Interview with H. E. Mr David Kornbluth, Ambassador Extraordinary and Plenipotentiary, Permanent Delegate, Permanent Delegation of Israel to UNESCO, concerning the UNESCO Executive Board's decision on Israeli archeological excavations at the Mughrabi ascent in the Old City of Jerusalem.

What is your reaction to the decision by UNESCO’s Executive Board on archaeological excavations at the Mughrabi ascent in the Old City of Jerusalem?

Obviously it is a compromise. Nobody is happy with a compromise. I am very happy that the consensus mechanism in UNESCO worked, and that we managed to arrive after very long and difficult negotiations at a consensus that was accepted by the Executive Board.

What impact will this decision have on the ground?

I am certain that this will be taken extremely seriously. The government of Israel has to study the decision. We will of course carry it out, and we are working on all aspects of it. There are also things that UNESCO has undertaken to do as well. But all of us here in Israel want to safeguard the cultural heritage of the World Heritage site, which is so important to everybody.

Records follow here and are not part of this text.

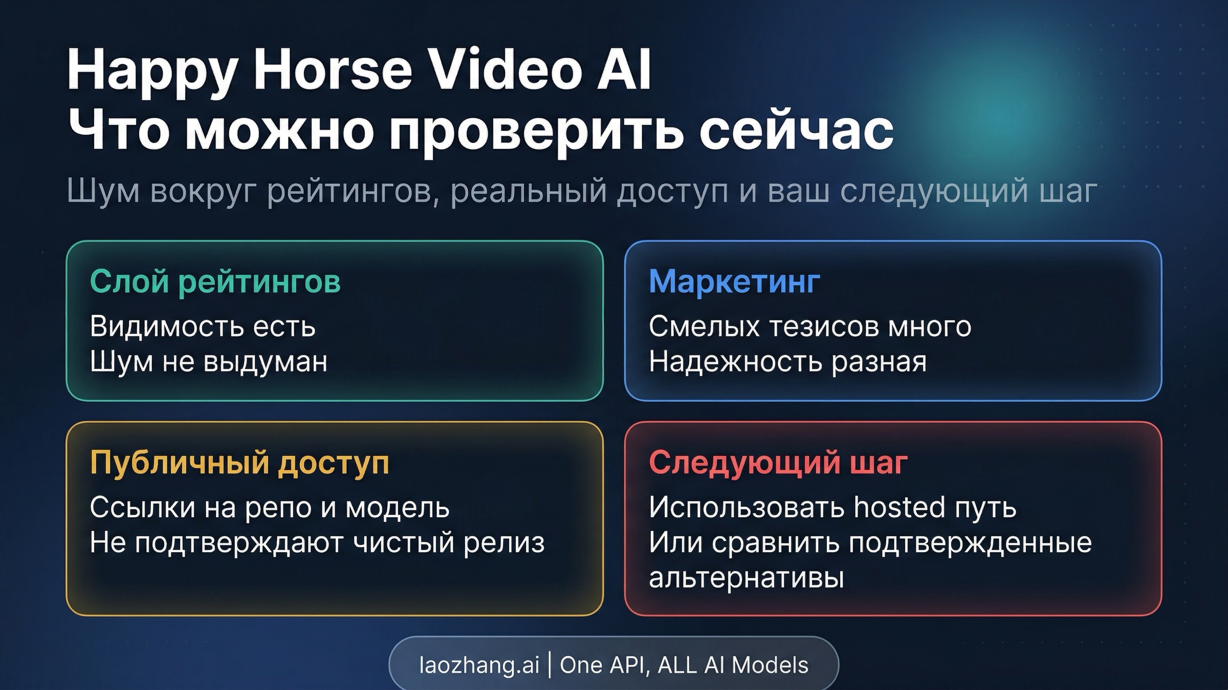 | Я хочу просто попробовать, что скрывается за шумом вокруг HappyHorse | Смотрите на живую поверхность HappyHorses как на hosted-продукт | Это самый понятный доступный маршрут для реального использования сейчас | Не считайте hosted-доступ автоматическим доказательством публичного релиза |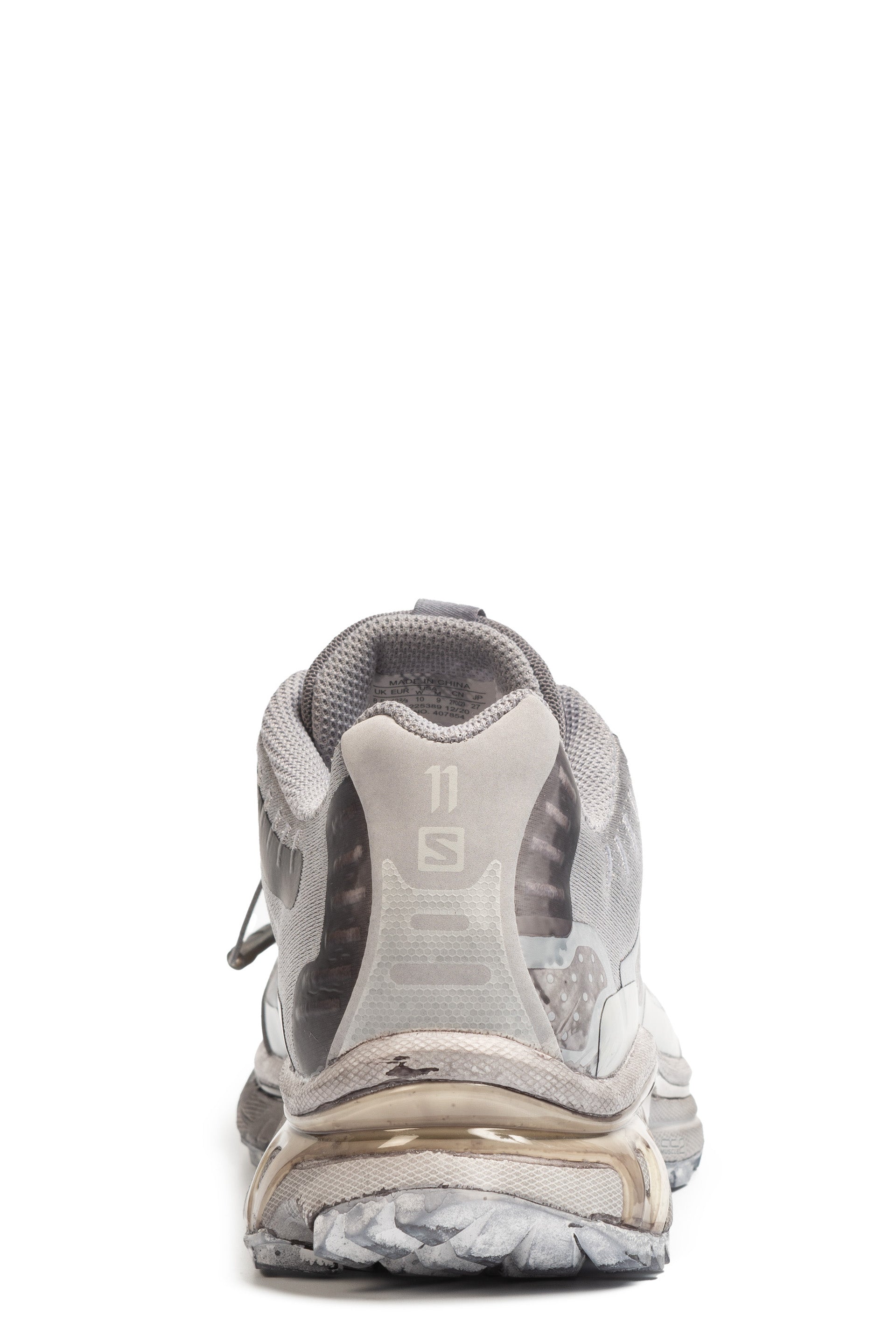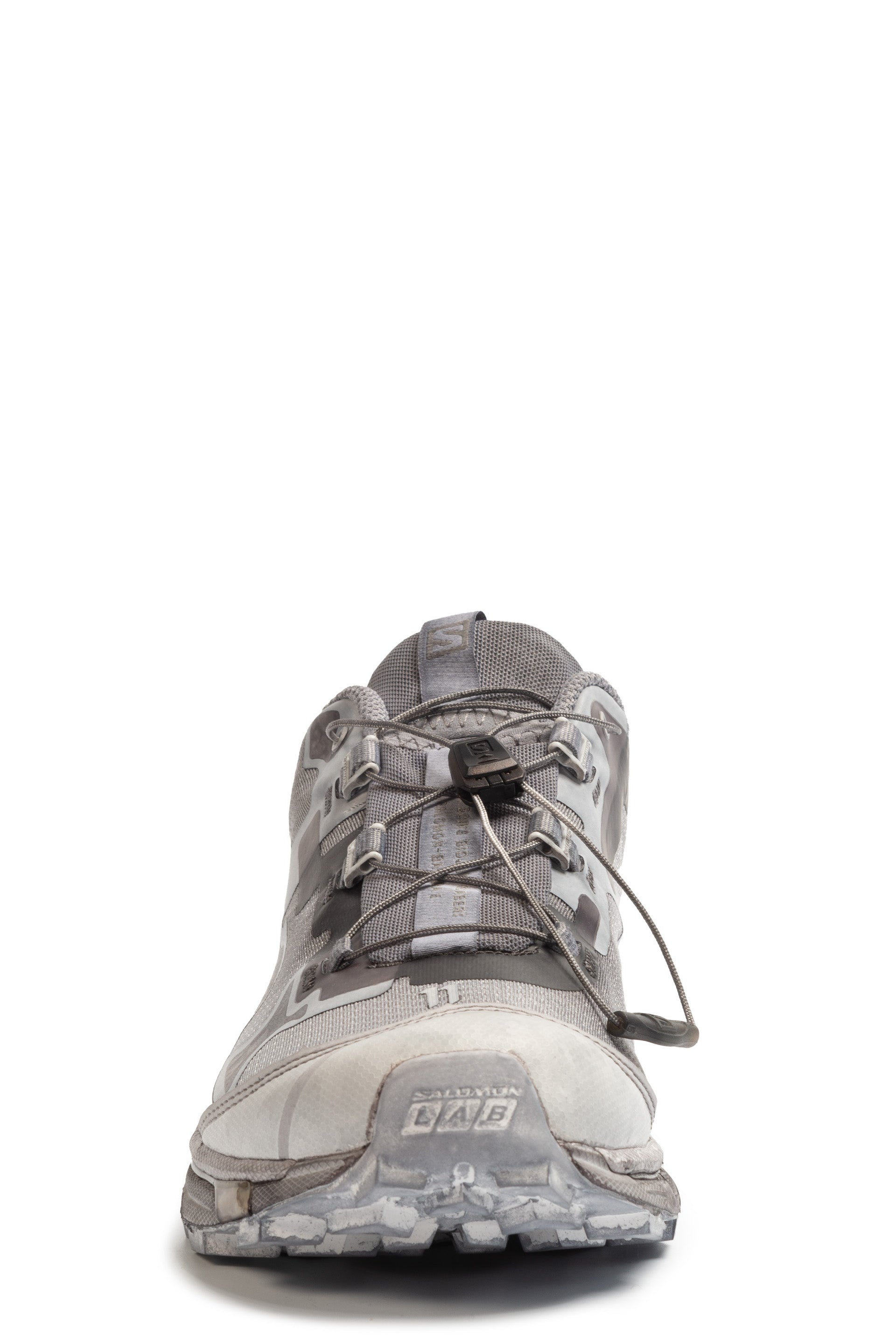 Low-top bonded jersey and mesh sneakers in Grey dye. Smudging and bonded trim throughout. Snake-embossed faux-leather cap toe. Logo bonded at vamp. Quicklace™ closure. Logo patch at padded tongue. Padded collar. Logo printed at heel counter. Mesh lining. Treaded Contagrip® rubber sole. Part of the 11 by Boris Bidjan Saberi x Salomon collaboration.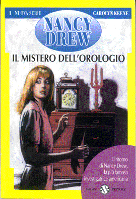 SALANI EDITORE - Firenze - 1996-1997 The Salani cover heralds this series as "Il ritorno di Nancy Drew, la Più famosa investigatrice americana" - the return of Nancy Drew, the most famous American lady detective. Salani adopted the novel concept of starting their "Nuova Series" (new series) with the U.S. #100, which was released domestically as a collector's edition of sorts. This is the story where the clock from Nancy Drew #1 is reintroduced and is involved in its second mystery. I think this is a clever place to start, as it incorporates the old into the new, while bringing new stories into the foray, rather than rehashing the same old ones which were available through Mondadori. As a side note, I believe the only other publisher which has opted to translate Nancy Drew #100 is Wahlströms of Sweden. The back of the book hypes: LA REGINA DEL GIALLO PER RAGAZZI. Le nuove avventure di Nancy Drew, giovane e insuperabile investigatrice dai capelli ramati, armata di fiuto, intelligenza, buon senso. E dei suoi amici che la proteggono e l'aiutano a risolvere complicatissimi casi, magari tra una festa e l'altra.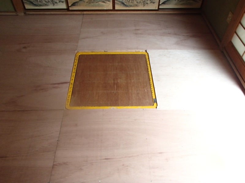 こちらが床板の張替え後です。フカフカな状態だった床をこの様に修繕させていただきました。このあとは畳屋さんから畳が入れられるとのことでした。
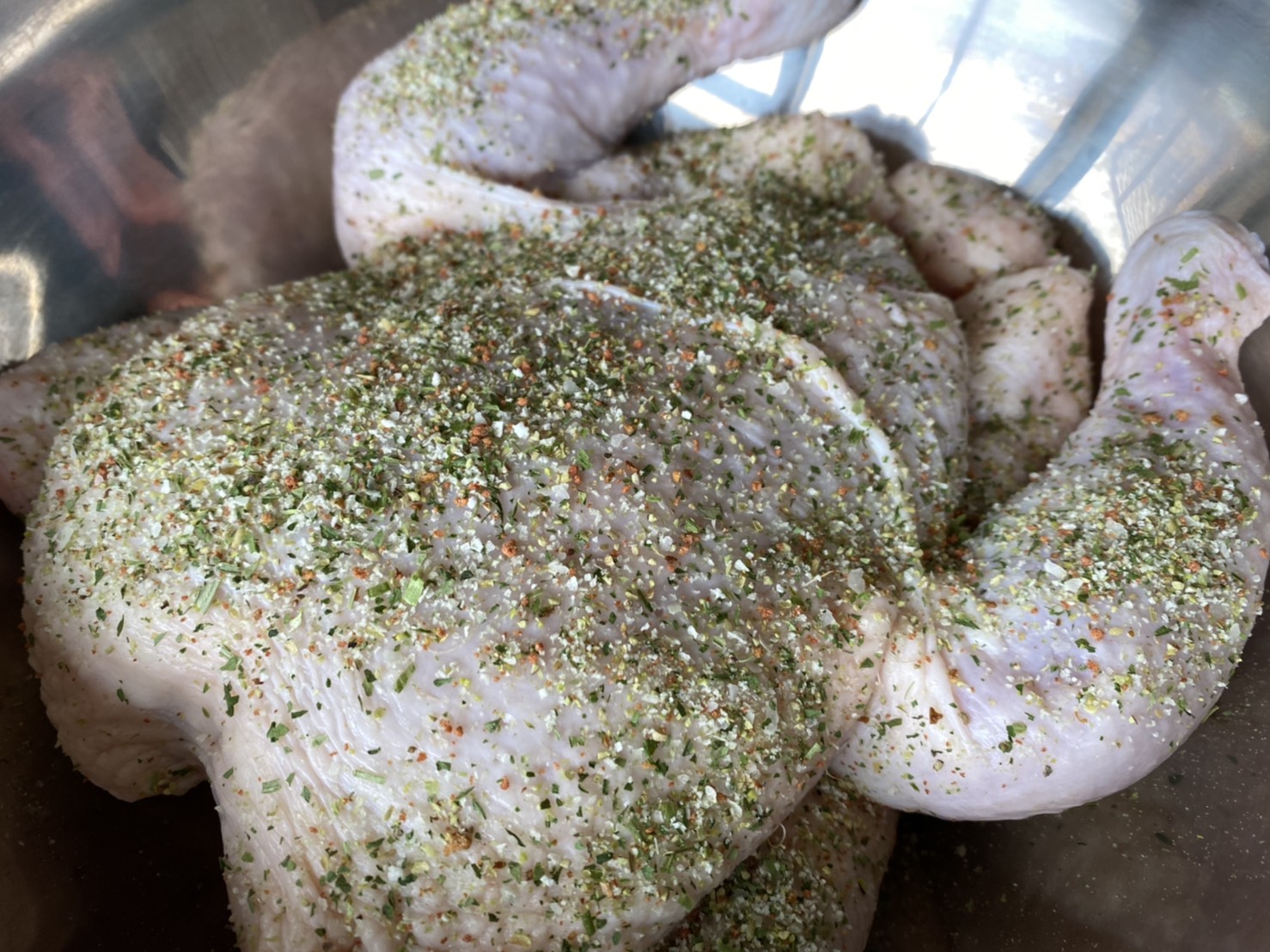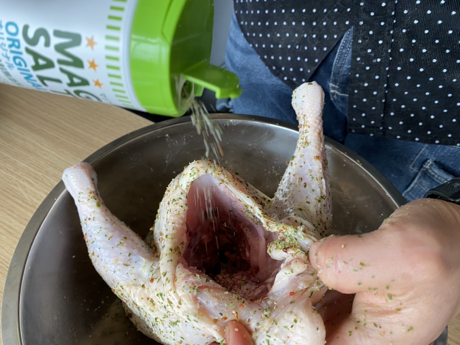 いよいよ、マジックソルトを丸鶏に振りかけ味付けをしていきます。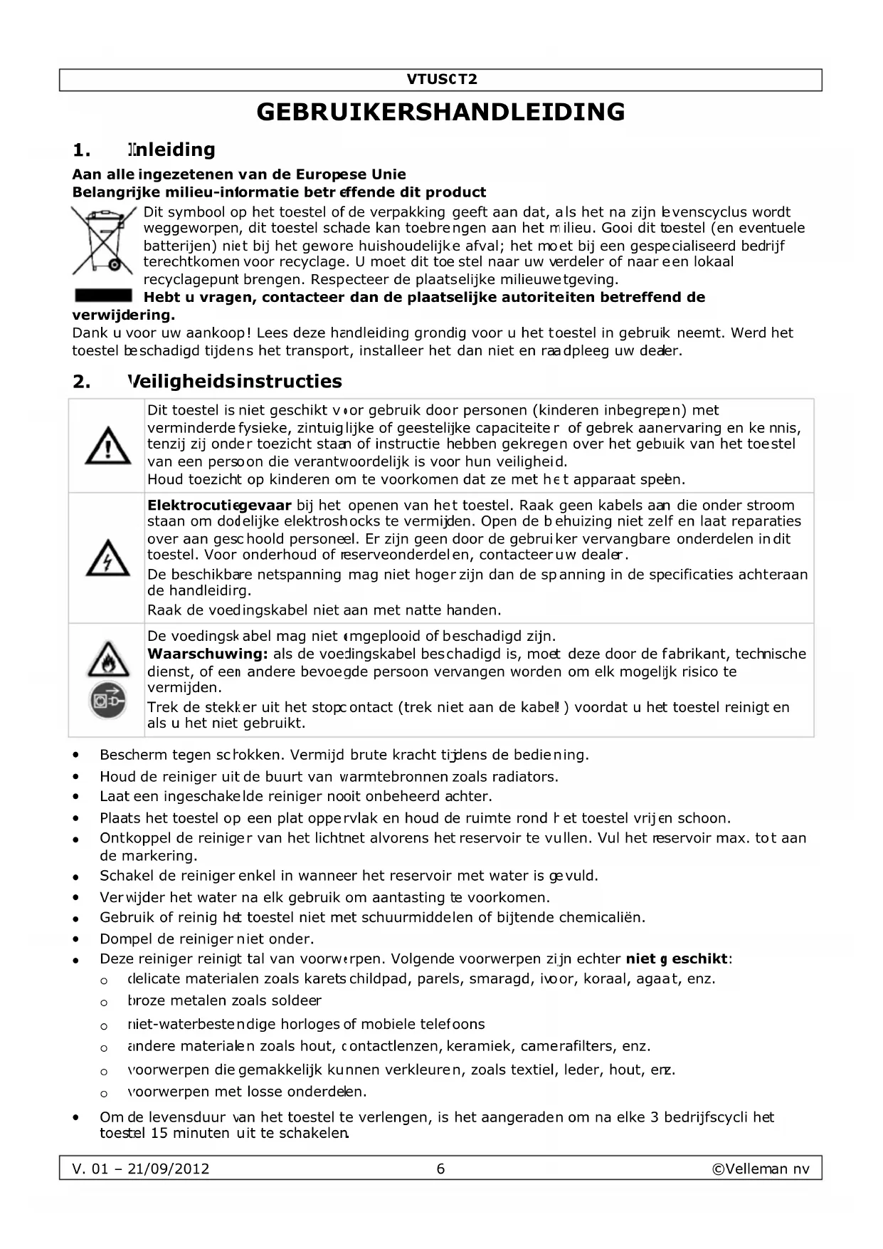 Download de handleiding voor uw Ultrasoonreiniger in PDF-formaat gratis! Vind uw handleiding VTUSCT2 - VELLEMAN en neem uw elektronisch apparaat weer in handen. Op deze pagina staan alle documenten die nodig zijn voor het gebruik van uw apparaat. VTUSCT2 van het merk VELLEMAN.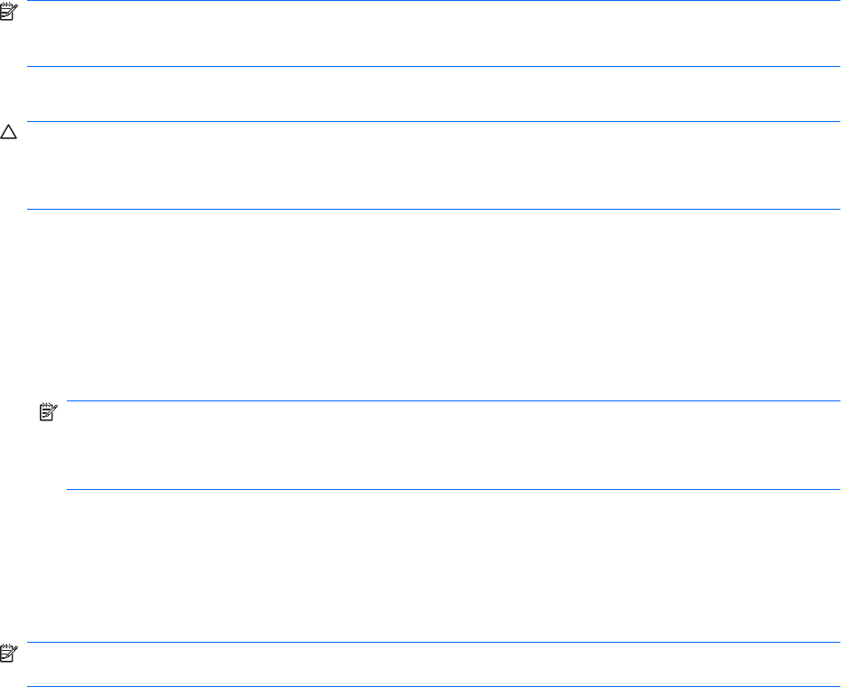 주: Windows 파티션 및 HP 복구 파티션이 표시되지 않을 경우 Windows 7 운영체제 DVD 및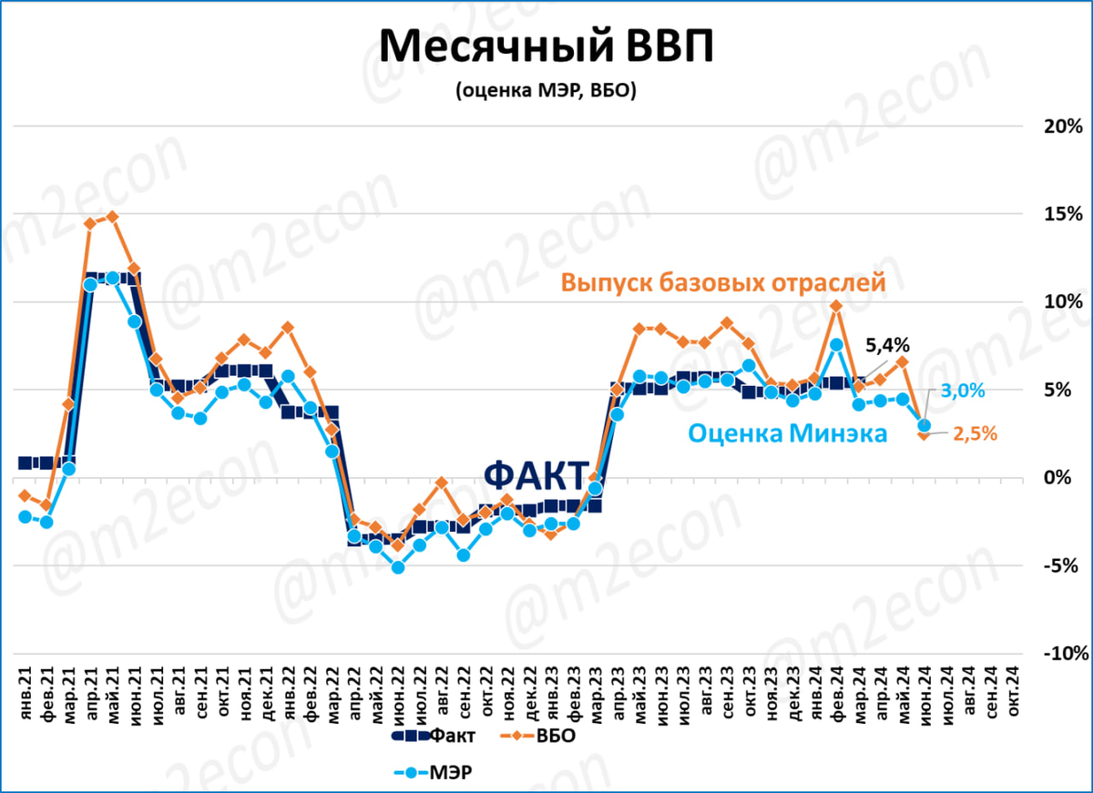 По оценке минэка рост ВВП в июне составил 3%. В кои веки оценка минэка оказалась выше, чем выпуск базовых отраслей (2,5%).

Does this spell the start of a solution to disagreements regarding the preservation of the World Heritage Site of the Old City of Jerusalem?

The subject has now been moved under the aegis of the World Heritage Convention. There is going to be a meeting of the World Heritage Committee very soon in New Zealand. The resolution now makes it clear that the World Heritage Committee has to deal with this issue. I suspect there will be negotiations on it at that meeting.

How would you describe UNESCO's role, or contribution, to improving cooperation between Israelis and Palestinians?

When we started the negotiations, neither side really knew whether we were going to be successful. Clearly, the role of UNESCO has been crucial. We have had an enormous amount of help from a lot of very high-up people in UNESCO. The Chairman of the Executive Board, the Director-General and the Deputy Director-General have all been following this very closely and have given it an enormous amount of help. This is also true of all of our colleagues on the working group, which as you know included states from the Arab Region and others.

I think that the mechanism whereby UNESCO manages to reach consensus on questions that are so difficult and could be so hard to agree on is really something that is quite unique to the Organization and the United Nations system, and perhaps is something that other United Nations Agencies could learn from. I think it is something that UNESCO could be quite proud of. When we are dealing with a subject that could be so contentious—such as the very difficult question of Jerusalem—you have a situation where it is very hard to predict whether we would be successful in arriving at a consensus resolution. The way that UNESCO handles this issue and the way that the members of the secretariat and Member States have been involved and worked hard for this shows something that is rather special to UNESCO.